%%
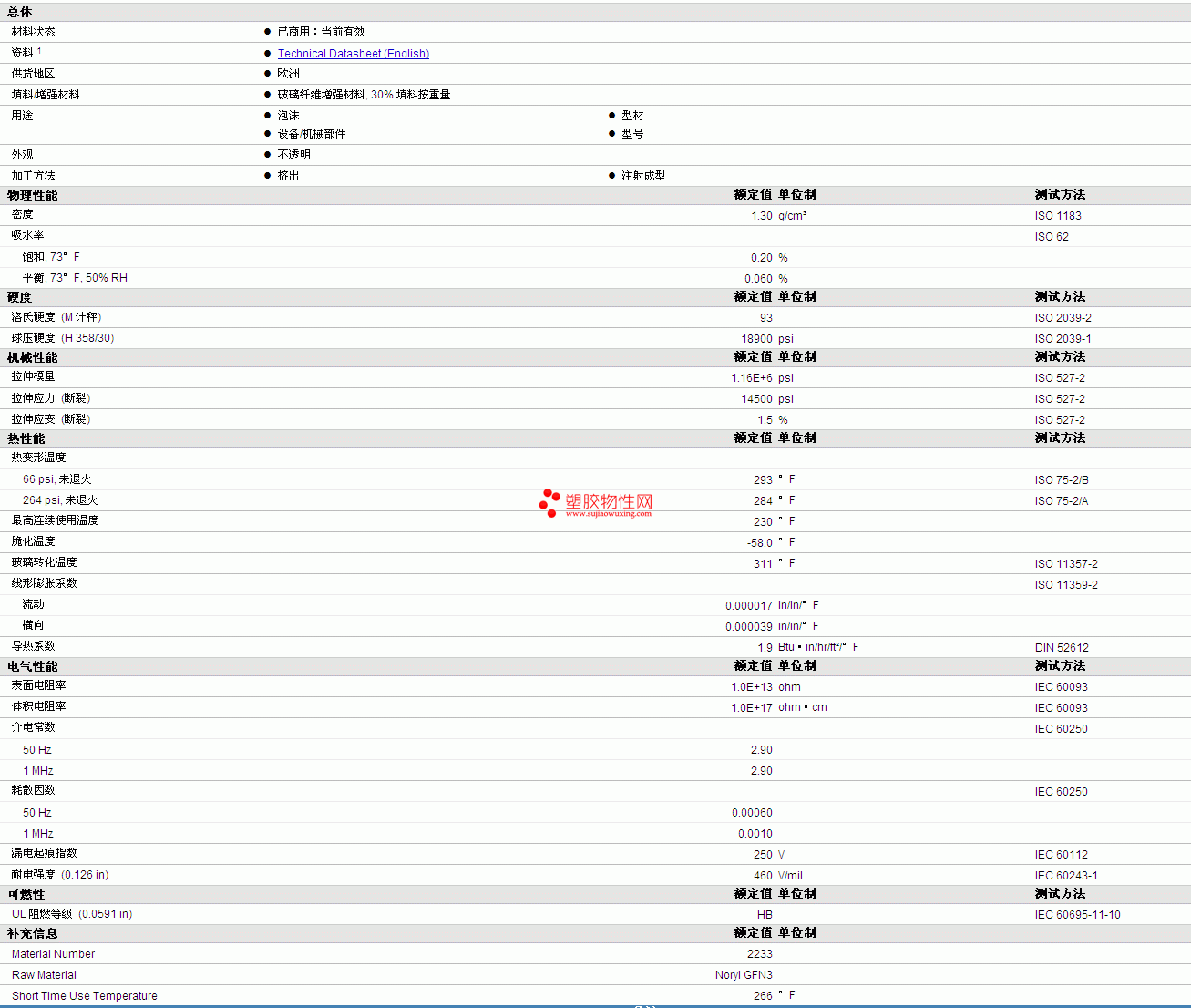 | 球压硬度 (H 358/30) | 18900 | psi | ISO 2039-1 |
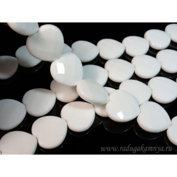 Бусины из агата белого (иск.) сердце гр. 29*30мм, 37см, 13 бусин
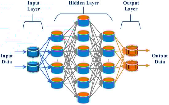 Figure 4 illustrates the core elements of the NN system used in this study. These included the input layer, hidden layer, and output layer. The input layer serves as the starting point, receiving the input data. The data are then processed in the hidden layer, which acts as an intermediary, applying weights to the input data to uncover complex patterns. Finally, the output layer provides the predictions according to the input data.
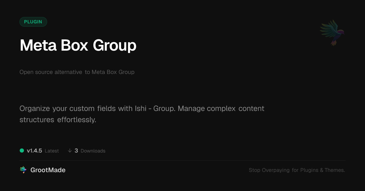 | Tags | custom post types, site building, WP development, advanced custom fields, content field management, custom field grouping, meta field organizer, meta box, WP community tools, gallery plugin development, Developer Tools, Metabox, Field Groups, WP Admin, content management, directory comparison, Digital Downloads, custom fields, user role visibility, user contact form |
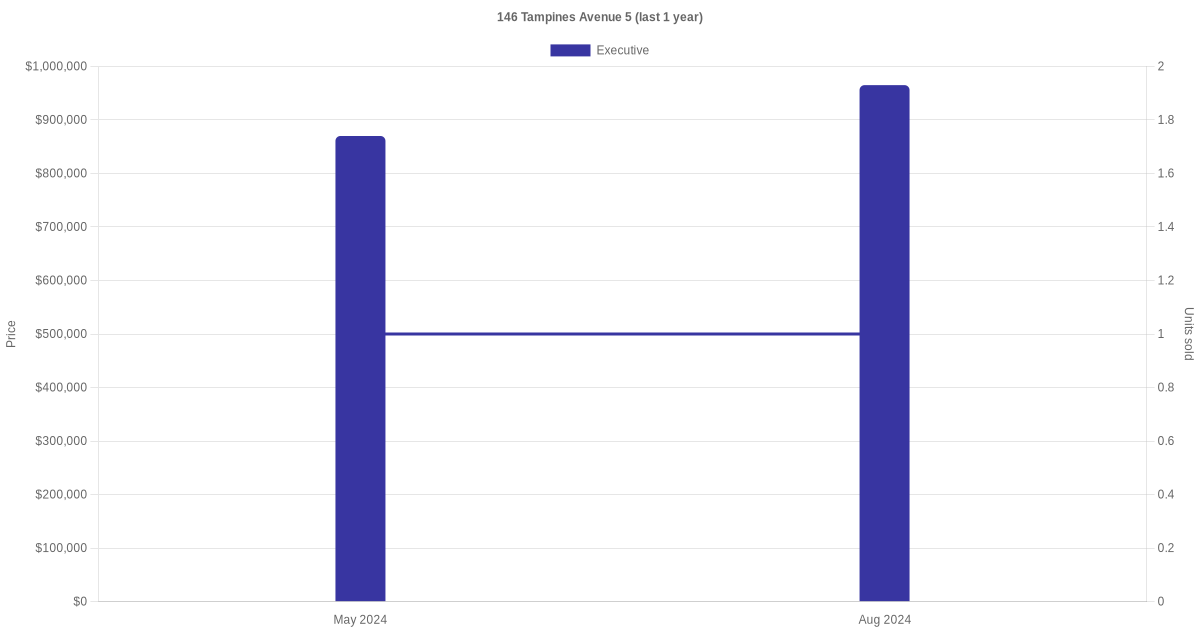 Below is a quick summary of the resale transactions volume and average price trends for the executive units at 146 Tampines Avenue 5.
%%
What is being asked:
Copy exactly, please, the lines that run from the line holding "contact form |" through the closing line of the material above, omitting every picture.

Output of the task:
 | Tags | custom post types, site building, WP development, advanced custom fields, content field management, custom field grouping, meta field organizer, meta box, WP community tools, gallery plugin development, Developer Tools, Metabox, Field Groups, WP Admin, content management, directory comparison, Digital Downloads, custom fields, user role visibility, user contact form |
 Below is a quick summary of the resale transactions volume and average price trends for the executive units at 146 Tampines Avenue 5.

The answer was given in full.